Rating Rationale
April 29, 2026 | Mumbai
HPCL LNG Limited
'Crisil AA+ / Stable / Crisil A1+ ' assigned to Bank Debt
 
Rating Action
Total Bank Loan Facilities RatedRs.3411 Crore
Long Term RatingCrisil AA+/Stable (Assigned)
Short Term RatingCrisil A1+ (Assigned)
Note: None of the Directors on Crisil Ratings Limited’s Board are members of rating committee and thus do not participate in discussion or assignment of any ratings. The Board of Directors also does not discuss any ratings at its meetings.
1 crore = 10 million
Refer to Annexure for Details of Instruments & Bank Facilities

Detailed Rationale

Crisil Ratings has assigned its Crisil AA+/Stable/Crisil A1+ ratings to the bank facilities of HPCL LNG Limited (HPLNG).

 

The rating derives comfort from the company’s strategic importance to the parent, Hindustan Petroleum Corporation Ltd (HPCL, rated 'Crisil AAA/Stable/Crisil A1+'). The parent holds 100% stake in HPLNG and will continue to provide operational, managerial and financial support to HPLNG. The company remains critical to HPCL, as it helps the latter address the gap in the gas value chain and acts as a key infrastructure link enabling HPCL to secure, process, and utilise LNG efficiently across its operations. The ratings also factor in successful commissioning of the terminal and near completion of ancillary facilities.

 

HPLNG operates a 5 MMTPA LNG regasification terminal at Chhara, Gujarat.

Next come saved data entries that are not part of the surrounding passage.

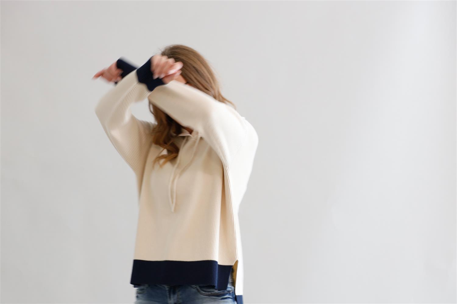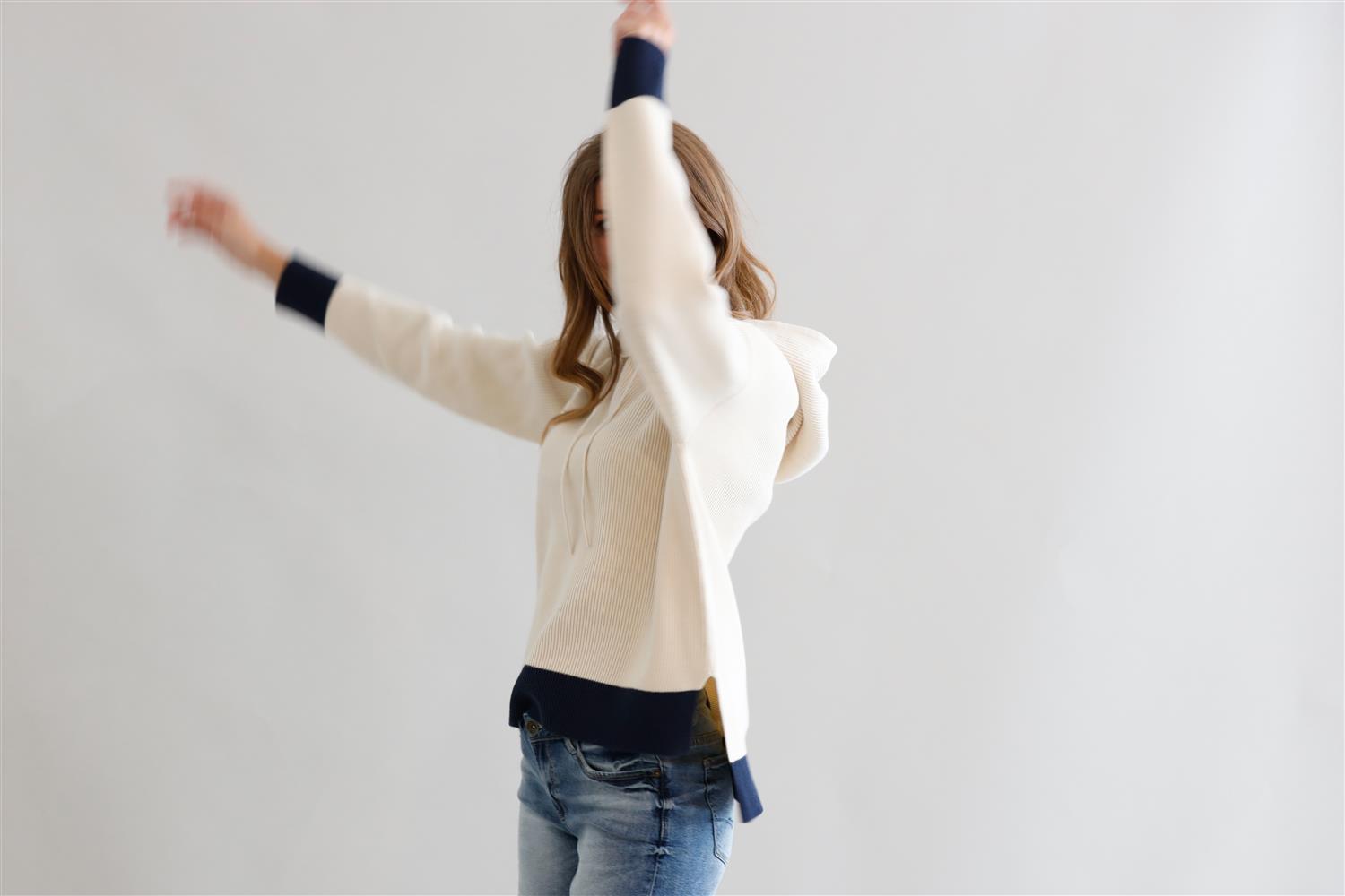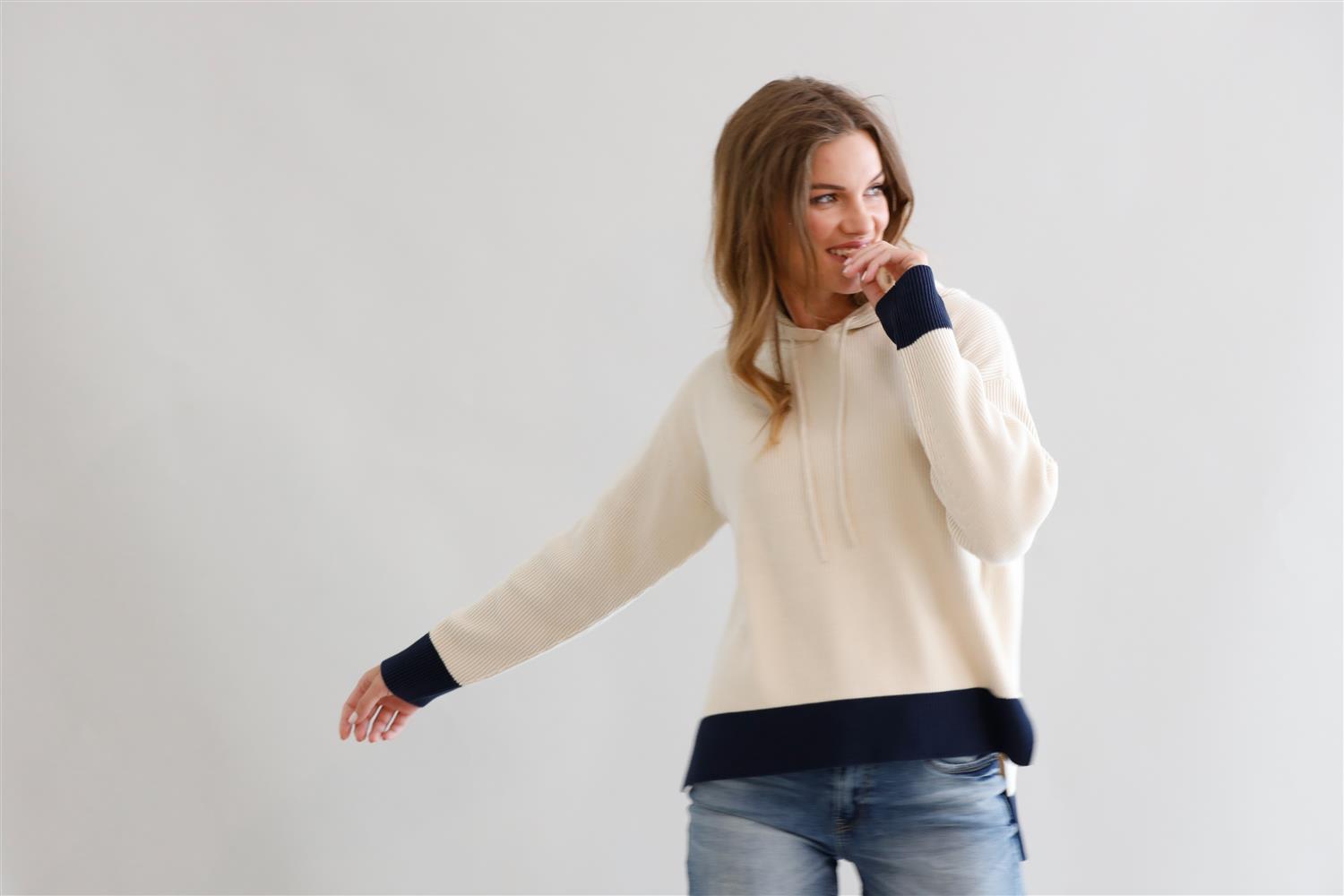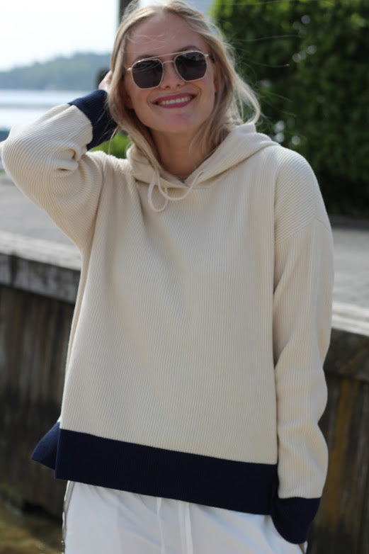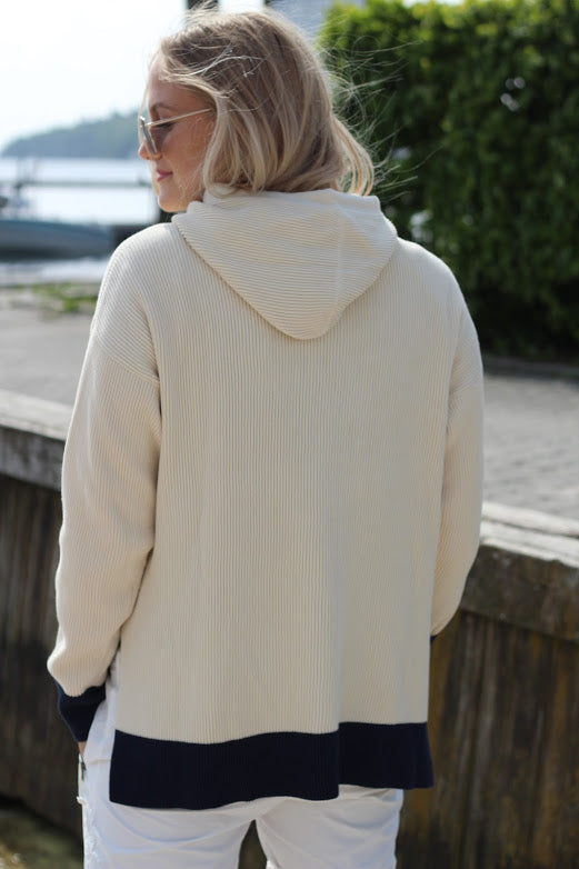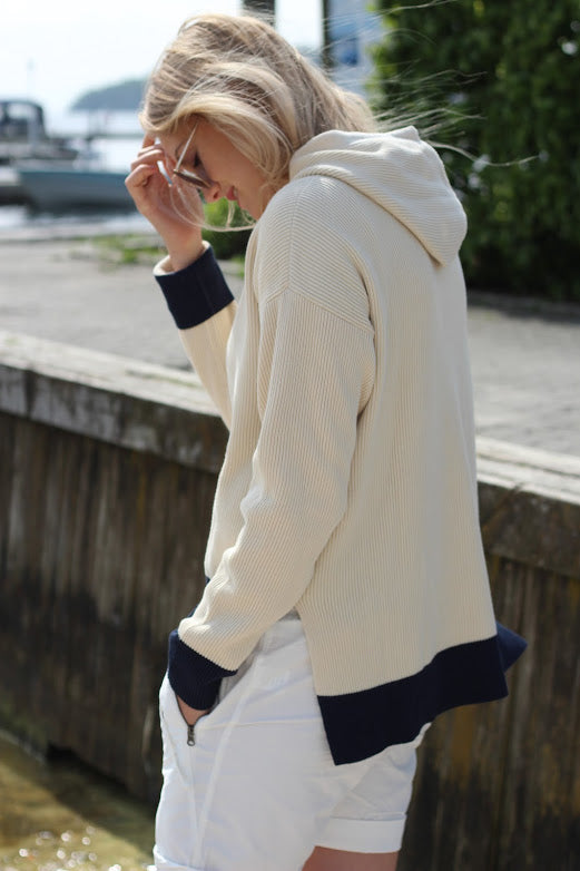 Strikkegenser fra Blue Sportswear med hette og snøring. Ribbestrikket med kontrast-stripe i bunn og på erme. Den har en stilig og sporty "look".
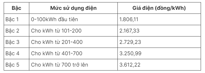 Dùng 700 số điện trở lên, sẽ áp giá cao nhất 3.600 đồng/kWh
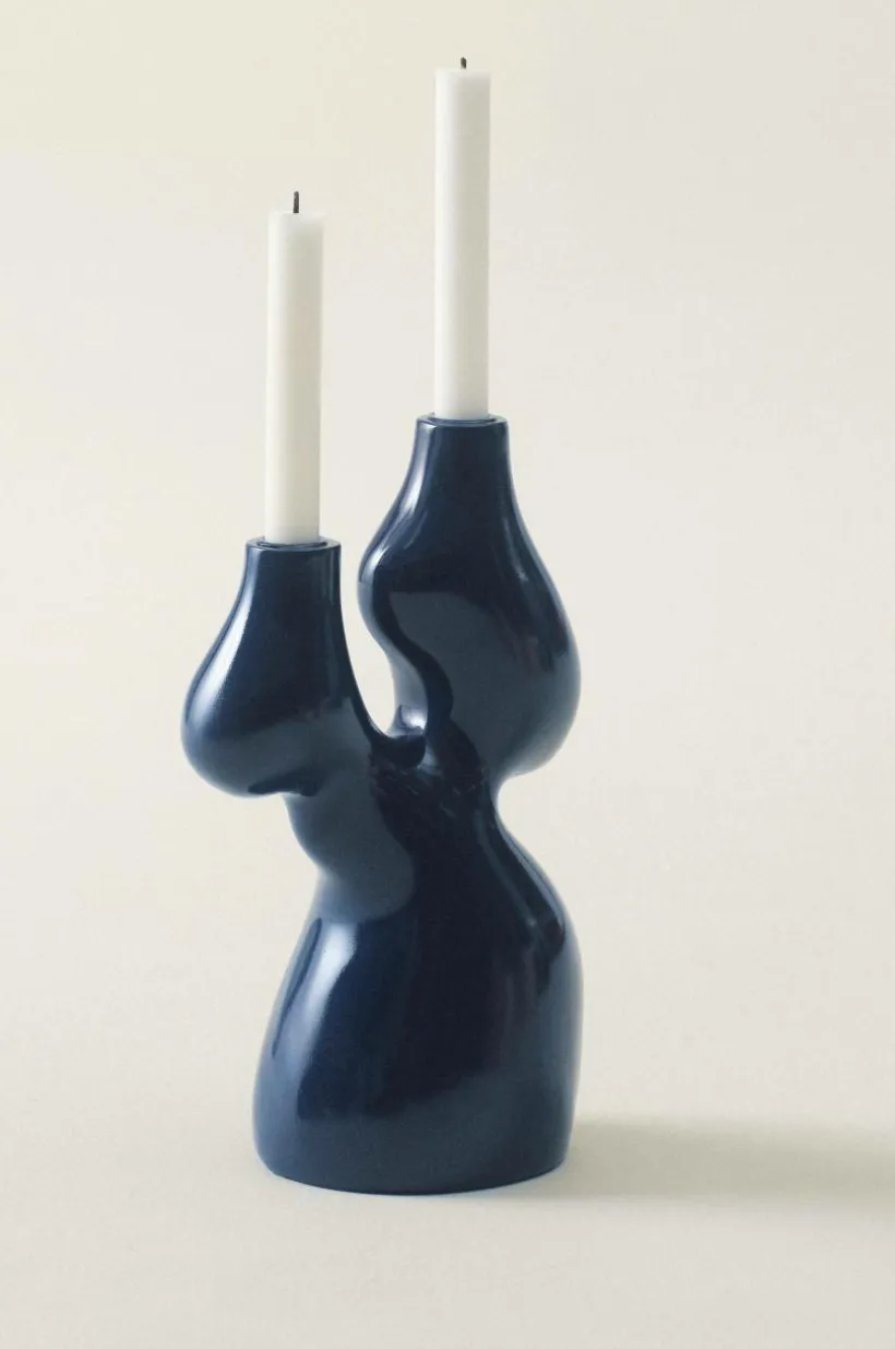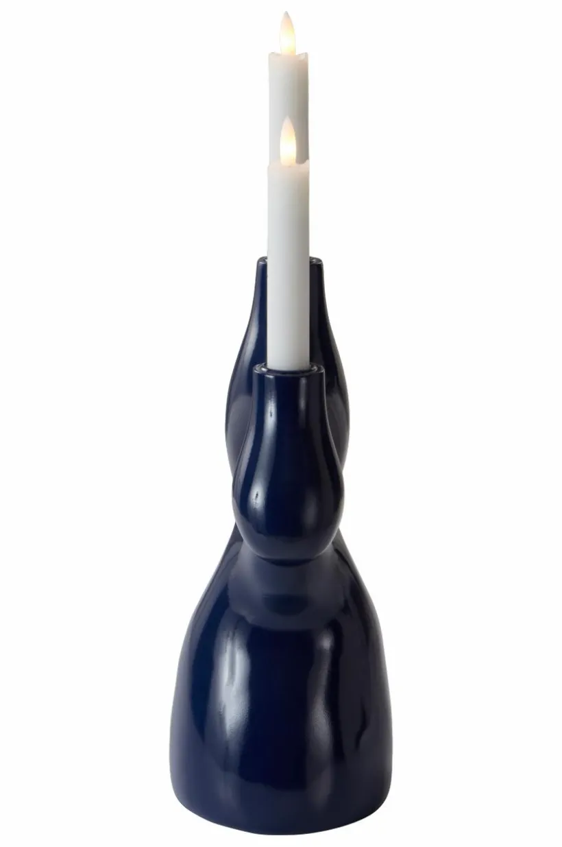 Handgjord ljusstake av polyresin. Ljusstaken är mjuk och böljande i formen och har två ljushållare. Det fina hantverket gör varje ljusstake unik. Ljus medföljer ej.
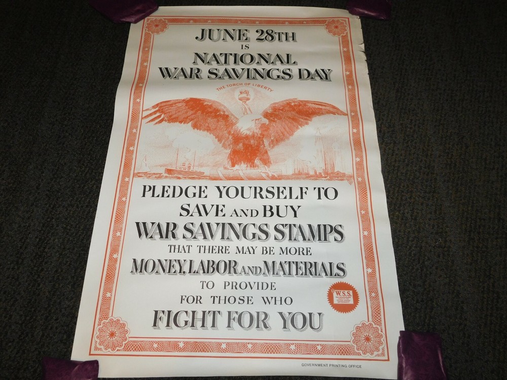 YOU ARE BIDDING ON AN ORIGINAL..NOT A REPRODUCTION ...... VINTAGE WWI WORLD WAR 1 NATIONAL WAR SAVINGS DAY WSS FIGHT FOR YOU EAGLE POSTER ... ....MEASURES APPROX 32" X 21"...MADE OF PAPER.... SHOWS HANDLING WEAR/ AGE DISCOLORATION......HAS EDGE TEARS....CREASE LINES....... ............PLEASE VIEW PHOTOS FOR CONDITION...SHIPS ROLLED ***PLEASE E-MAIL IF YOU HAVE A QUESTION OR WANT AN ADDITIONAL PICTURE....PLEASE VISIT MY EBAY STORE FOR ADDITIONAL WORLD WAR 1 POSTERS & VINTAGE ITEMS..THANK YOU***18960213-1V-BX3939-UUUU

The terminal, which commenced operations in February 2025, operates on a pure tolling model, providing regasification services to customers, primarily HPCL. The project cost (with the cost overrun) is around Rs 4,744 crore, and is funded via 70% debt and the rest via equity.

 

The business risk profile of HPLNG is supported by the growing demand for liquefied natural gas (LNG) in India, with city gas distribution (CGD) emerging as a key growth driver for natural gas consumption over the long term. Completion of construction of the terminal and the pipelines, and near completion of the breakwater have also been factored into the ratings. The terminal's strategic location on the west coast facilitates access to LNG and its transportation to refineries. The ratings also consider the captive usage of the terminal's offtake by HPCL for its refineries and subsidiaries, which ensures steady demand.

 

Crisil Ratings has taken note of the current disruptions faced in gas supply due to the ongoing geopolitical conflict. The terminal is currently non-operational as HPCL is not able to procure LNG from its sources in the Middle East. However, it is actively looking to source gas from alternate geographies, which should help utilisation levels improve gradually. Crisil Ratings will continue to monitor developments relating to geopolitical risks in West Asia and their potential impact on LNG availability and terminal utilisation.

 

The financial risk profile factors in outstanding debt of around Rs 3,022 crore, along with preference shares worth nearly Rs 292 crore issued to HPCL as on December 31, 2025. Principal repayment will commence from fiscal 2028. Meanwhile, as operations are currently disrupted due to the war, interest obligations are being serviced by HPCL. Crisil Ratings derives comfort from the strong financial profile of the parent and the demonstrated liquidity support available to HPLNG.

Analytical Approach

Crisil Ratings has applied its parent notch-up framework to factor in the extent of support received from HPCL, and has considered the standalone business and financial risk profile of HPLNG for its analysis. The preference shares issued to HPCL (worth Rs 291.66 crore) have been considered as 100% debt.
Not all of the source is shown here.